Mes chers collègues, pour avoir pleinement conscience de cette situation, il faut l’avoir vécue. Je parle, comme un certain nombre d’entre nous, en connaissance de cause. Je profite de cette occasion pour rendre hommage à toutes ces femmes, à tous ces hommes qui donnent de leur temps aux autres, bénévolement, et bien souvent au détriment de leur propre épanouissement.
En la matière, les outre-mer connaissent les mêmes difficultés que la France hexagonale. Les situations y sont même parfois plus dramatiques, eu égard à la faiblesse de l’offre en structures d’hébergement et à la structuration de nos familles, souvent monoparentales.
Alors, me direz-vous, pourquoi ne pas avoir déposé des amendements afin d’améliorer le dispositif de cette proposition de loi ?
À cet égard, l’excellent travail de notre collègue rapporteur Jocelyne Guidez ne souffre aucune contestation : son argumentaire est clair, précis, méthodique et empreint d’une sincérité indéniable.
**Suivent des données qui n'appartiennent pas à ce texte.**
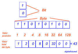 | bits Bit es el acrimonia Binar digital bitinio Un bit es un dígito del sistema de numeración binario. | byte Byte (B)1 2 (pronunciada [bit] o ['bite]) es una unidad de información utilizada como un múltiplo del bit. Generalmente equivale a 8 bits,3 4 5 6 7 8 9 10 por lo que en español se le denomina octeto |
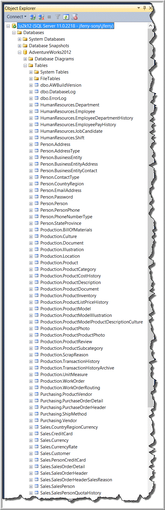 The AdventureWorks database will be the basis for demonstrations in this article and is available as a download from Adventure Works for SQL Server 2012. This sample database was designed to permit a demonstration of virtually every feature of SQL Server 2012 and therefore has more numerous and more complex relationships than I have encountered in actual production databases with which I have previously worked. For simplicity in demonstrating core concepts in this article, I will use only a few tables from the AdventureWorks2012 database. If all of the tables were included in my examples, the complex relationships would have so many consequences that it would be more difficult to see the points that I wish to make.

Je tiens à saluer ce travail, sa pertinence et la profondeur de la réflexion conduite.
Mes chers collègues, les élus du groupe du RDSE ont, à l’unanimité, choisi de se conformer à la demande de Mme la rapporteur de ne pas amender le texte afin que son adoption par le Parlement - et donc son entrée en application - puisse être la plus rapide possible.
Cette proposition de loi ne comblera pas toutes les lacunes, nous en sommes conscients, mais nous n’en voterons pas moins en faveur de son adoption dans la rédaction proposée par notre commission des affaires sociales.